Our conversation was, of necessity, propelled by the lineup of film clips, so we didn’t get to talk about such notable films as The Last Temptation of Christ and The King of Comedy or underrated ones like Bringing Out the Dead. Perhaps someday I’ll get to do part two of our q&a.
This is why he chose so many of his documentaries for the tribute: these films are highly personal and close to his heart. It’s where he finds refuge from the enormous responsibility of making big, expensive, complicated feature films—dealing with schedules, egos, and budgets. During the four-year period he was working on the Dylan documentary someone asked when it would be released. He replied, “There is no release date. We’re still trying to find the story.” (The producers of his Hollywood movies aren’t happy that he often edits his documentaries at the same time the features are shooting, but having those alternative projects are a release, not a burden, for him.)
When he talks about his early years there is a special light in his eyes, whether it’s recalling how he felt after seeing John Cassavetes’ Shadows or taking pride in the fact that when they shot the “You talkin’ to me?” scene in Taxi Driver, under pressure to finish up the picture, he left in the natural street sounds and even an airplane flying overhead, because they were real. When I told him how astonished I was when I first learned that Mean Streets—the quintessential New York movie—was filmed mostly in Los Angeles, he explained how that came about, and how he blended a week’s worth of New York shots with the balance of the film’s West Coast production. (Robert De Niro fires a gun on a rooftop in Manhattan and breaks a window in Hollywood, etc.)
I asked him if it was true that when he screened John Ford’s The Searchers for his class at NYU, he showed up in cowboy garb. It is true, but he explained that it was 1969-70, and he was a latecomer to cowboy boots and jeans (“I didn’t own a pair until I was 18. I’m Italian; we wear slacks.”). He also confessed that he was the only guy who wore cufflinks when he went to shoot Woodstock—and lost one there.

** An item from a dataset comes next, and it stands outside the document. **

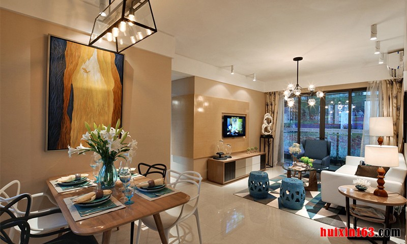 本案例的设计当中,通过设计师灵活的色彩搭配,营造出一种富有创意的居室环境,并且恰到好处的几何图案添加,更是呈现出一种充满美感的效果,同时也给出很大的视觉冲击,在客厅的设计当中,采用平顶式的石膏板吊顶,背景色彩以白色为主,与洁白的地砖上下相互呼应,开放式的餐厅设计,其吊顶与客厅的吊顶相互连接,在视觉效果上更是给人一种浑然一体的感觉,推拉门的设计与室外相连接,其景观与室内正好起到一个相互借景的效果,反观餐厅的设计,所占据的空间面积并不是很大,但却显得比较新颖,个性别致的餐具摆放,餐桌上一束百合花的添加,正好起到一个锦上添花的效果。

So many questions, so little time. By now most fans know that his daughter Francesca, who’s about to turn 12, was one of the key motivators for him making Hugo, the first of his movies she could actually see, and doing it in 3-D. He credits having a child later in life with putting him back in touch with his ability to play, and use his imagination, as kids do so naturally. Now that she’s older, he enjoys screening vintage films for her and her friends (from Cyrano de Bergerac to It Happened One Night), although he admits that most of the time he’s not watching the films so much as watching the girls. Spoken like a true parent…who just happens to be one of the world’s greatest filmmakers and movie lovers.